● **Your instructions**
Could you write out, exactly, every line from the top of the data through the line holding "Über die dunkle"? Omit the pictures.
***** Dataset section *****
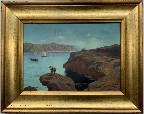 "Marina" olio su tavola (cm 27x39), firmato in basso a sinistra, in cornice (difetti e restauri)
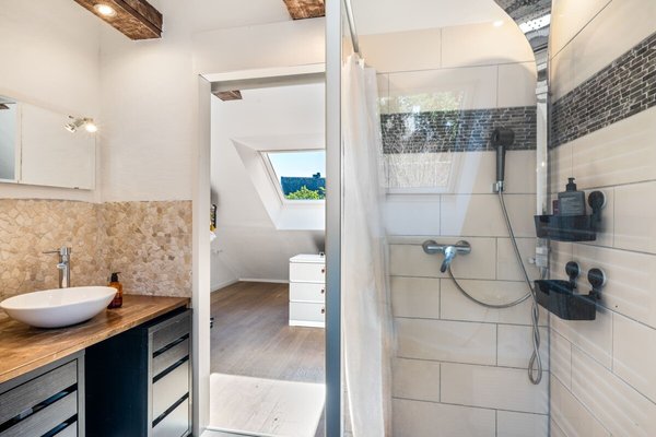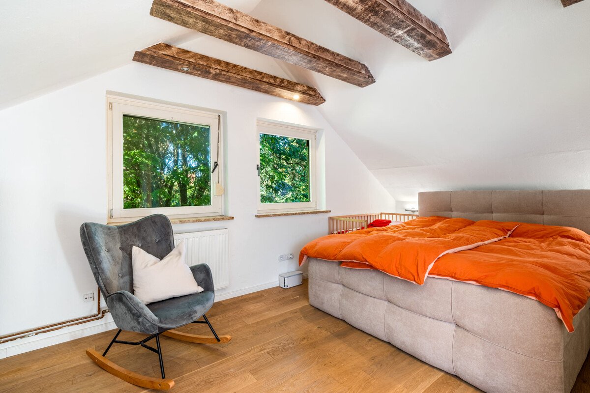 Über die dunkle Holztreppe gelangen Sie ins Obergeschoss. Hier erwarten Sie ein weiteres Kinderzimmer sowie der großzügige Eltern-/Schlafbereich mit offener Ankleide. Die sichtbaren Holzbalken an der Decke und ein en suite Vollbad mit satinierter Glastür schaffen ein warmes und wohnliches Ambiente.
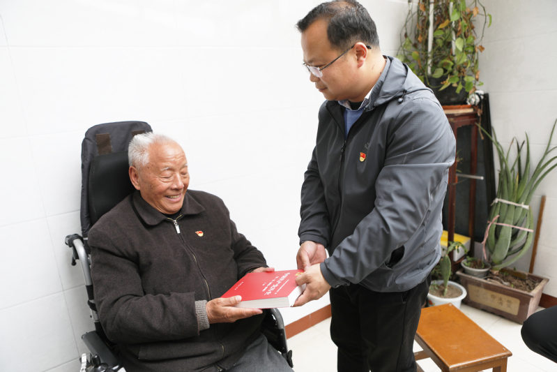 在“送學(xué)上門”活動中,工作人員每到一戶黨員家中,都與老黨員促膝交談,詳細詢問身體和生活狀況,向老黨員介紹開展黨史學(xué)習(xí)教育的具體情況,與老黨員一起學(xué)習(xí)黨史,使他們不出家門就能及時了解黨的最新方針政策,增強對黨組織的歸屬感,切實把黨史學(xué)習(xí)教育落到實處。并認真聽取他們對學(xué)習(xí)教育的看法和建議,鼓勵他們繼續(xù)發(fā)揮黨員先鋒模范作用,為農(nóng)場經(jīng)濟社會發(fā)展獻言獻策?!拔译m行動不便,但思想不能落伍,非常感謝你們給我送來這些學(xué)習(xí)資料,我一定好好學(xué)黨史,不忘初心跟黨走?!蓖醯拥乩w丙華的手,感慨地說道。
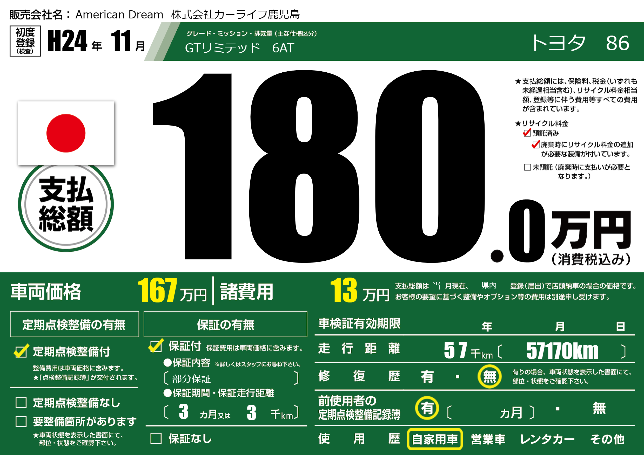 | 車名 | トヨタ 86 | グレード ミッション 排気量 |
*****
● **Answer**
 "Marina" olio su tavola (cm 27x39), firmato in basso a sinistra, in cornice (difetti e restauri)
 Über die dunkle Holztreppe gelangen Sie ins Obergeschoss. Hier erwarten Sie ein weiteres Kinderzimmer sowie der großzügige Eltern-/Schlafbereich mit offener Ankleide. Die sichtbaren Holzbalken an der Decke und ein en suite Vollbad mit satinierter Glastür schaffen ein warmes und wohnliches Ambiente.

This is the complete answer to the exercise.